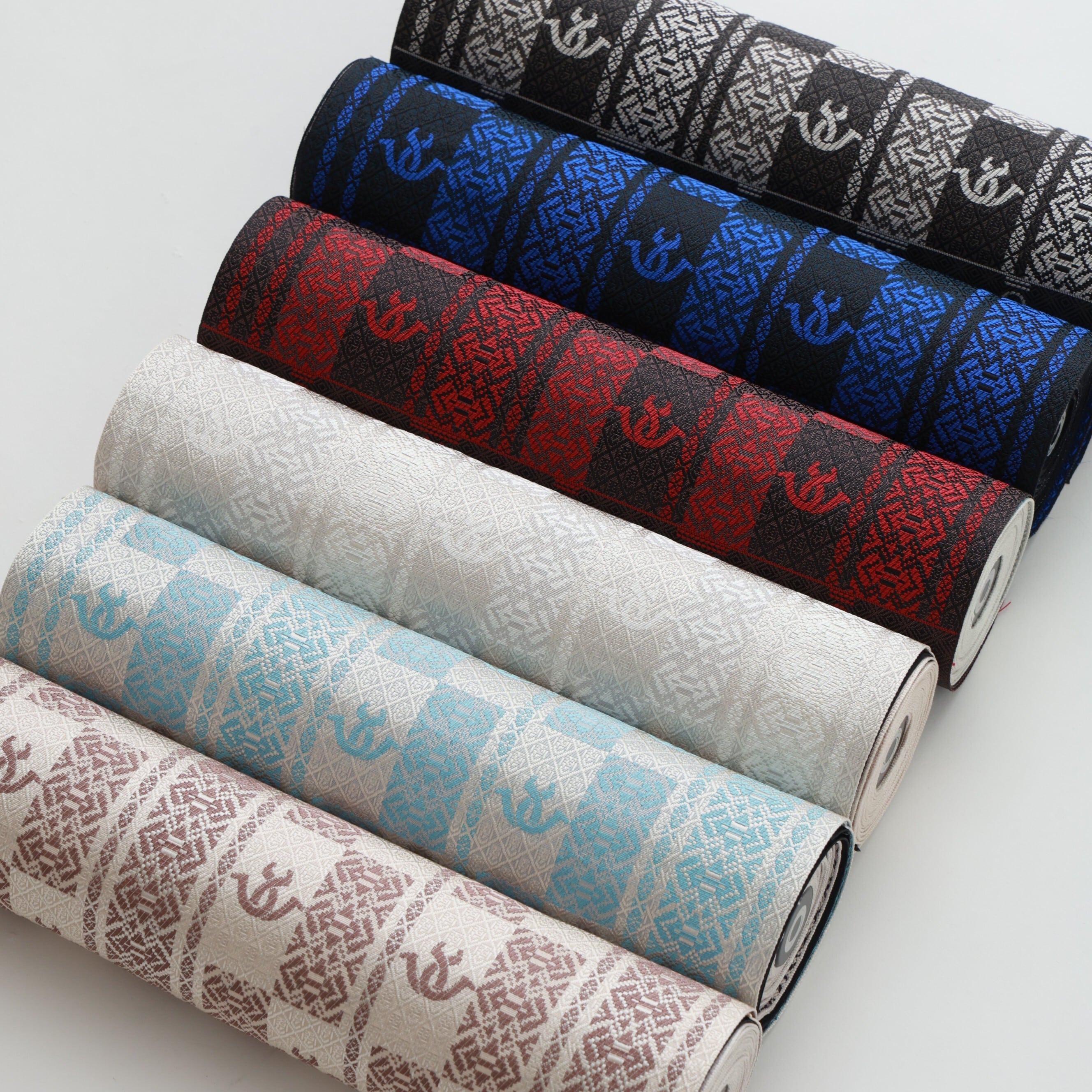 博多織の象徴である独鈷・華皿柄に「蹄鉄」を織り込み
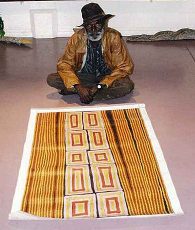 He used the influence of the older artists to develop his own unique style to interpret his Dreamings. He used arcs and hatch motifs as well as dots to hide his ancestral designs and marks from the uninitiated.
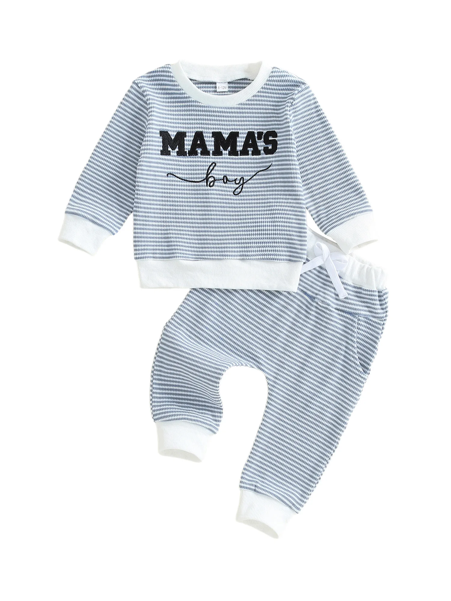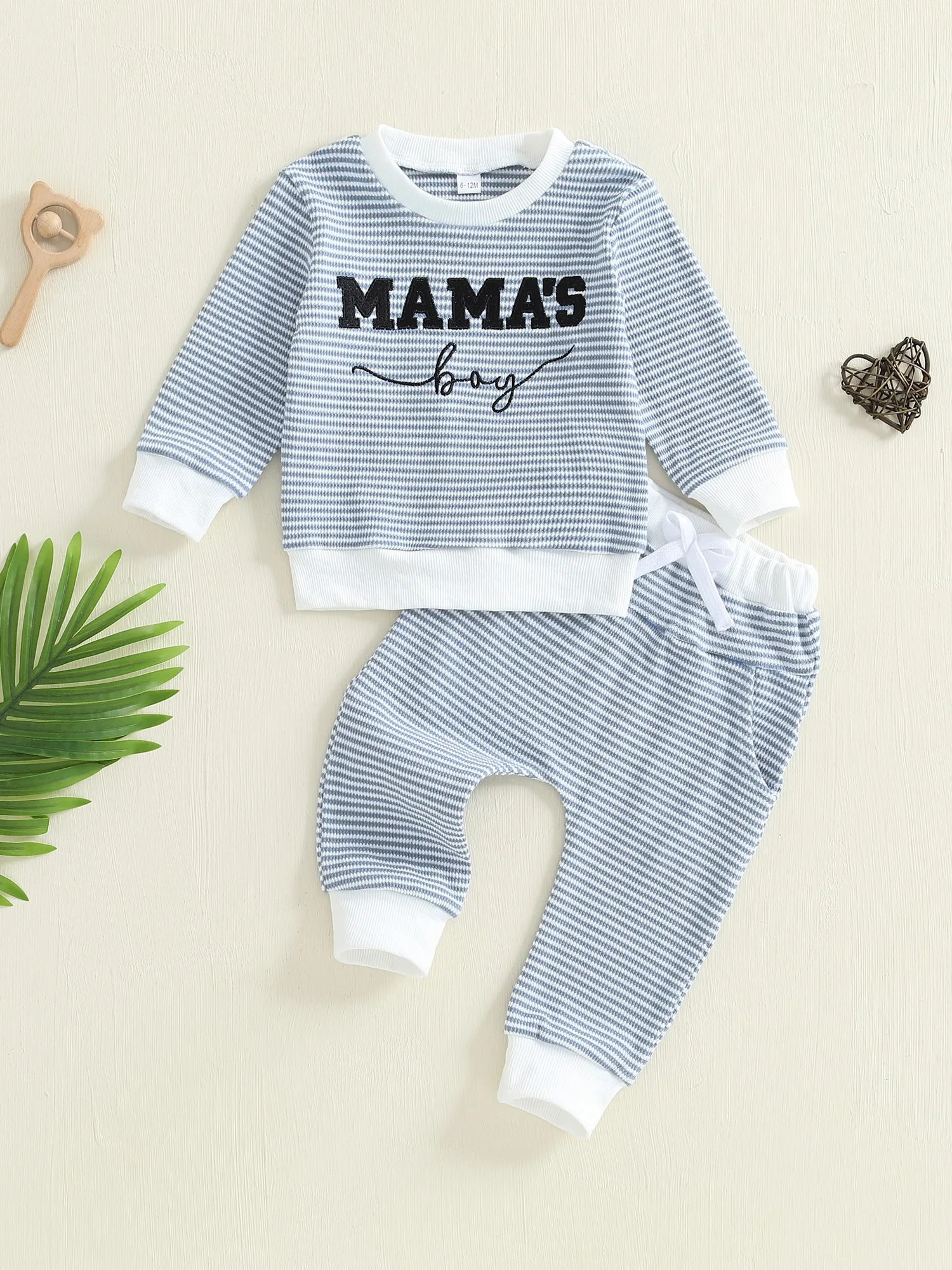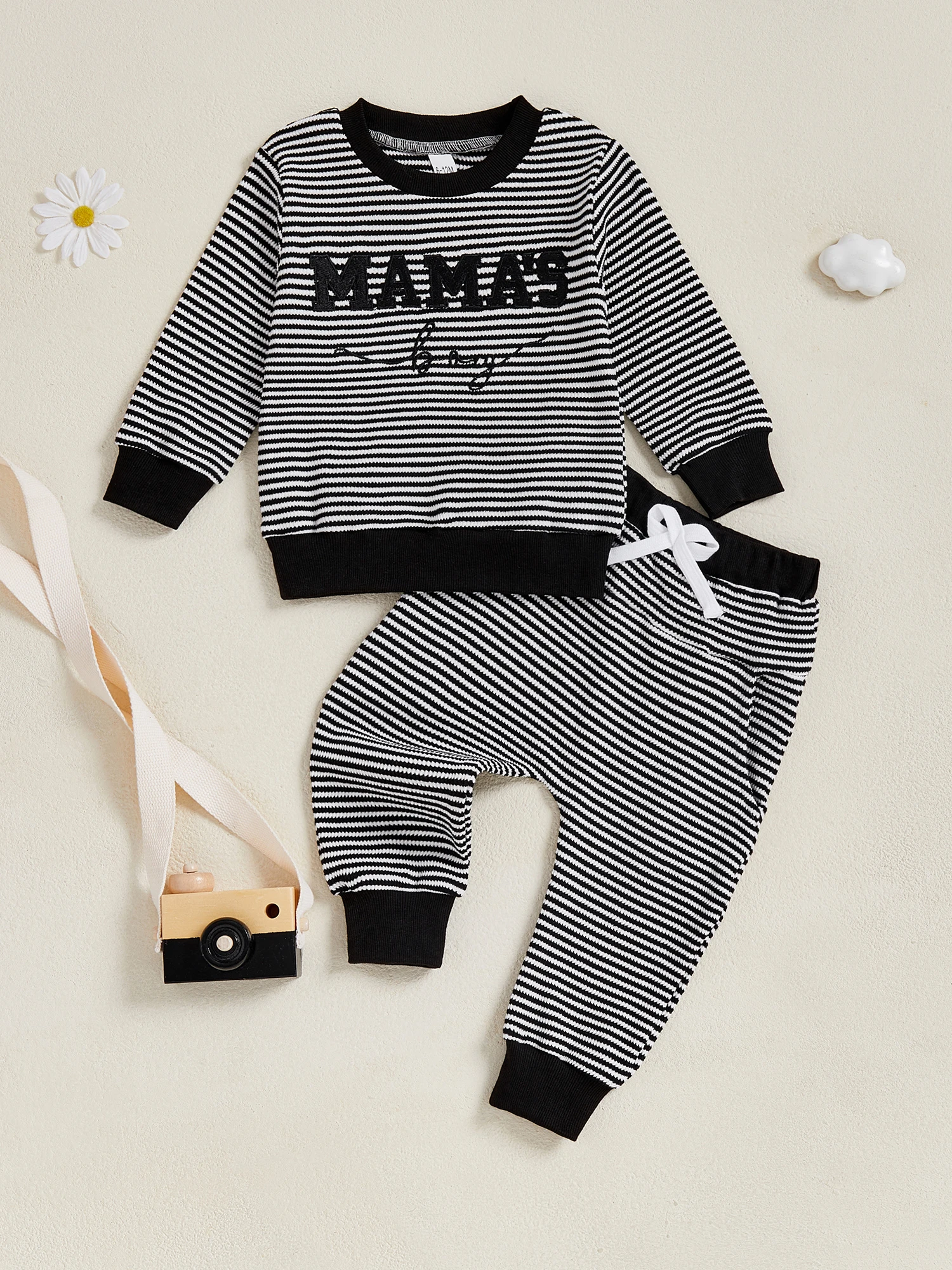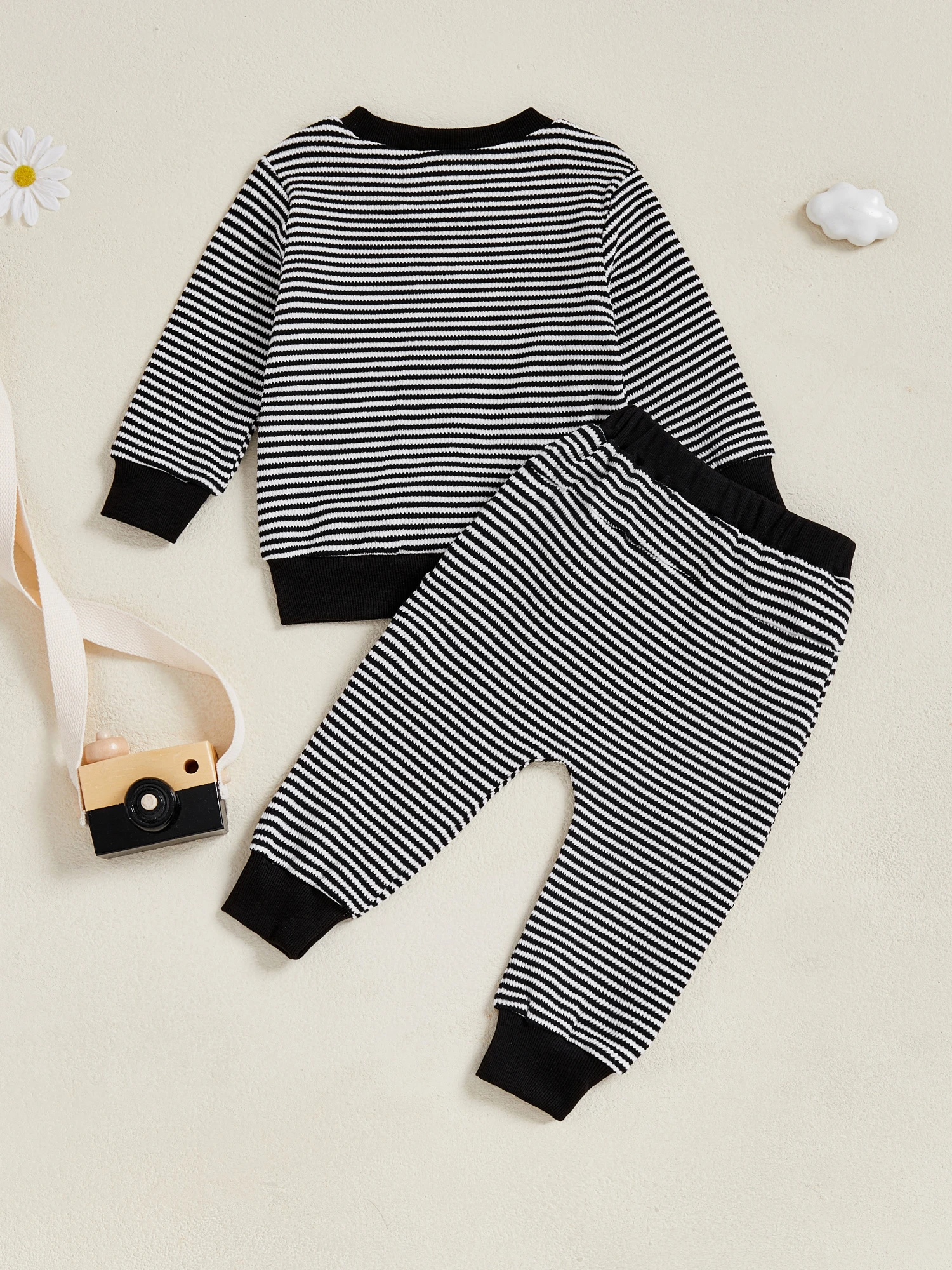 Toddler Baby Boy Fall Outfit Letter Embroidered Striped Crew Neck Long Sleeve Tops and Pants 2 Pcs Set
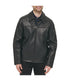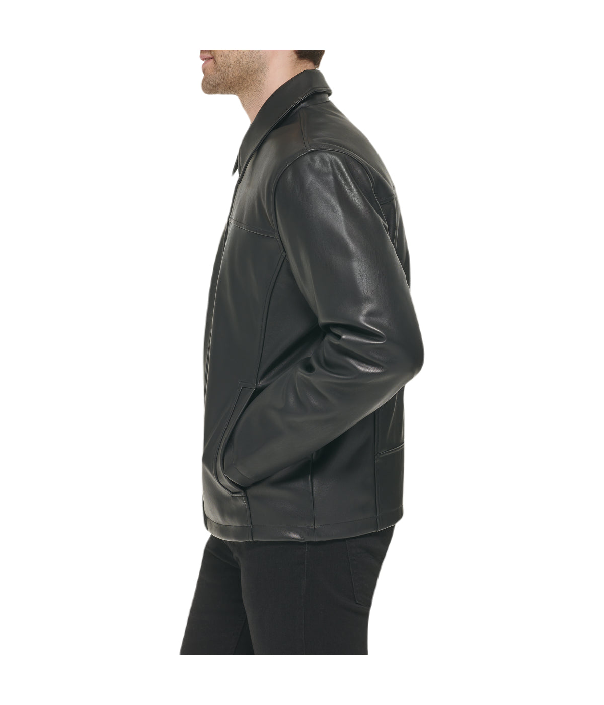 A spread collar and grainy faux-leather define a cool and collected open-bottom jacket that warms from the inside with its sleek quilted lining.
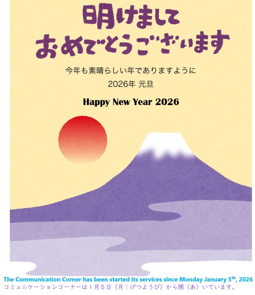 コミュニケーションコーナーは1月5日(月:げつようび)から開(あ)いています。みなさん、来(き)てください。
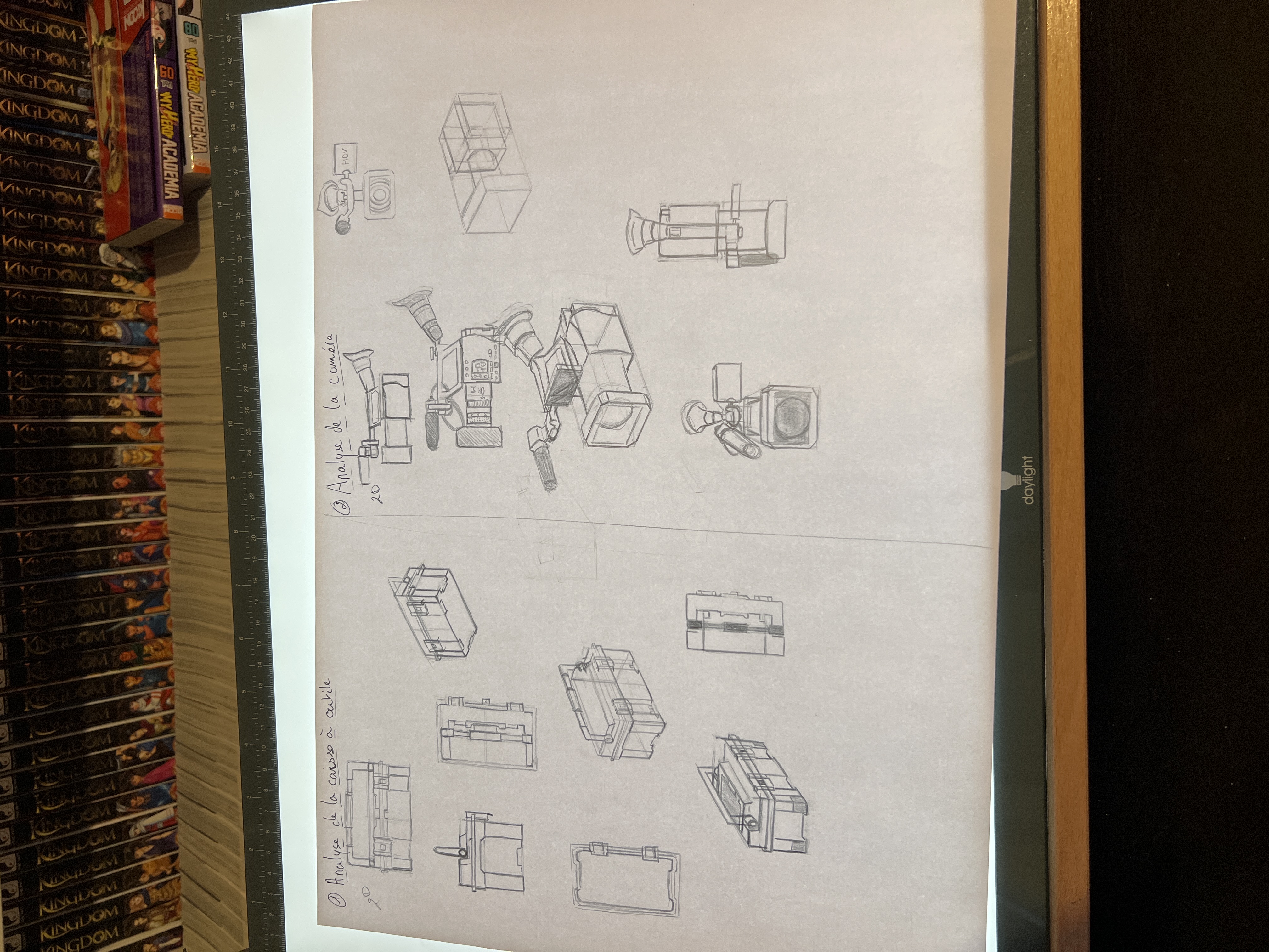 Bonjour, voici mes exercices sur la caméra et la mallette ; j'ai également fait l'étude sur une Ford Mustang de 1967 pour un dessin personnel. Merci d'avance pour votre aide précieuse cordialement 😊

### Task instructions
Return the listing unchanged except for the pictures, which should be dropped.

### Your solution
 博多織の象徴である独鈷・華皿柄に「蹄鉄」を織り込み
 He used the influence of the older artists to develop his own unique style to interpret his Dreamings. He used arcs and hatch motifs as well as dots to hide his ancestral designs and marks from the uninitiated.
 Toddler Baby Boy Fall Outfit Letter Embroidered Striped Crew Neck Long Sleeve Tops and Pants 2 Pcs Set
 A spread collar and grainy faux-leather define a cool and collected open-bottom jacket that warms from the inside with its sleek quilted lining.
 コミュニケーションコーナーは1月5日(月:げつようび)から開(あ)いています。みなさん、来(き)てください。
 Bonjour, voici mes exercices sur la caméra et la mallette ; j'ai également fait l'étude sur une Ford Mustang de 1967 pour un dessin personnel. Merci d'avance pour votre aide précieuse cordialement 😊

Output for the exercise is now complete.